Connecting During a Pandemic

Losing a connection to land is a common challenge for the Indigenous people who find themselves living in a cityscape. Phillip Bread began his modeling career as a teenager wearing Native designers’ apparel in the Santa Fe Indian Market Fashion Show in New Mexico. In fall of 2019, Bread signed with the DNA Modeling Management and moved to New York City. By that winter, the young man was modeling for Ralph Lauren.

Growing up in the Plains of Oklahoma, Bread was out of his element alone and surrounded by skyscrapers. “I was so shocked how much everything was manmade,” he says. He lived in the city for only about six months before COVID-19 hit and everyone began to isolate in March 2020, so he was not able to find and socialize with many other Native people. He now lives in Sante Fe, New Mexico, and although he continues to model, he doesn’t know when he will return to living in the city.

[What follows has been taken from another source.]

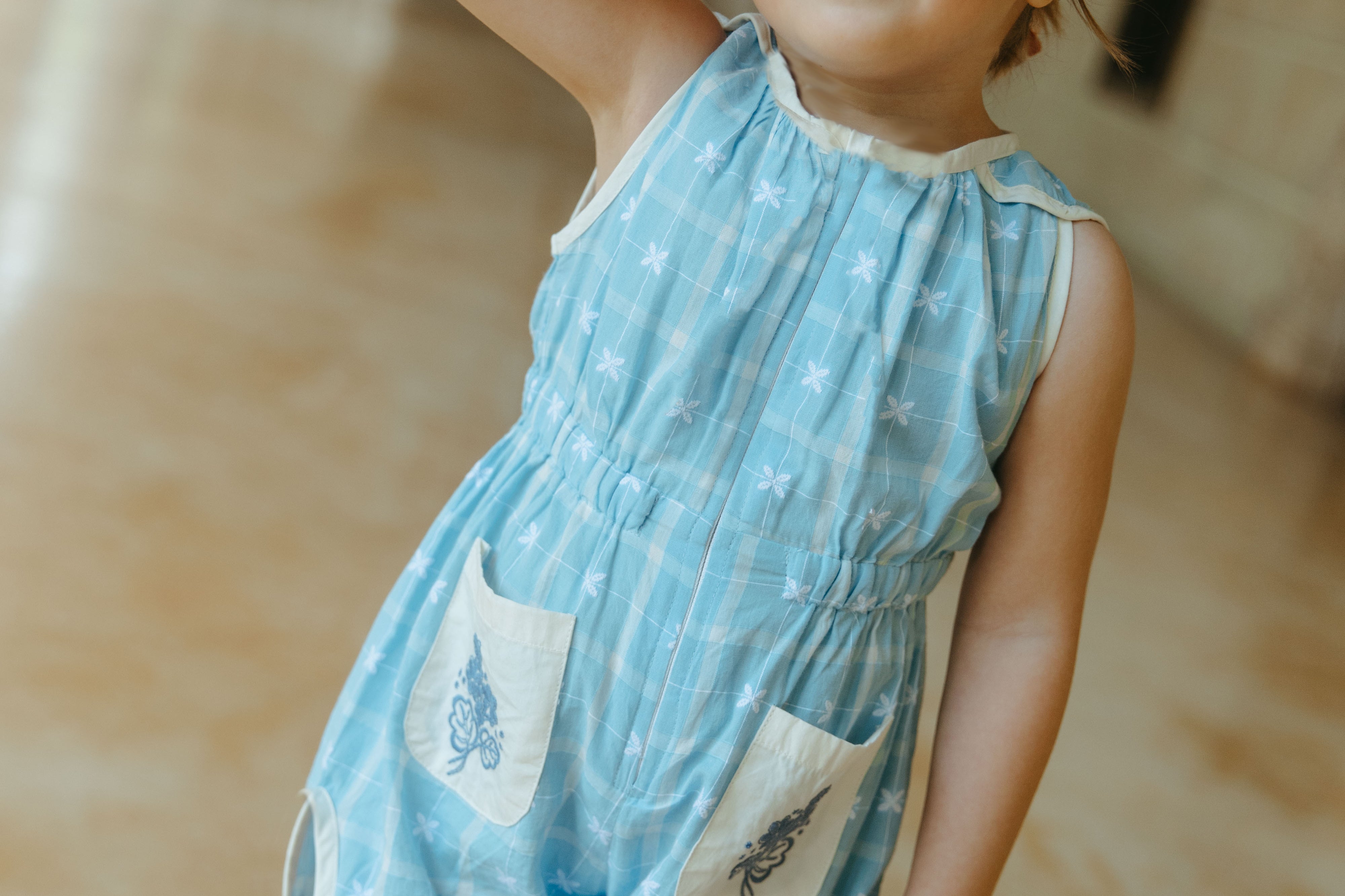 The Sun Suit Romper is a vintage-inspired favorite made for everyday wear, with an easy, playful shape kids can move in. Designed with a front zipper for quick changes and easy potty breaks, it’s finished with sweet embroidered pockets for the perfect touch of Lali charm.

Since the pandemic began, the Community House has continued to be a bridge to Native communities. AICH has been conducting programs and social events via Zoom and providing care packages to Indigenous residents, particularly elders, to limit their potential exposure to the coronavirus. This summer, the organization plans to once again open its doors at its location on Governors Island. Richmond says AICH can be a place for all New Yorkers to find each other and recharge. “We all have that need,” he says.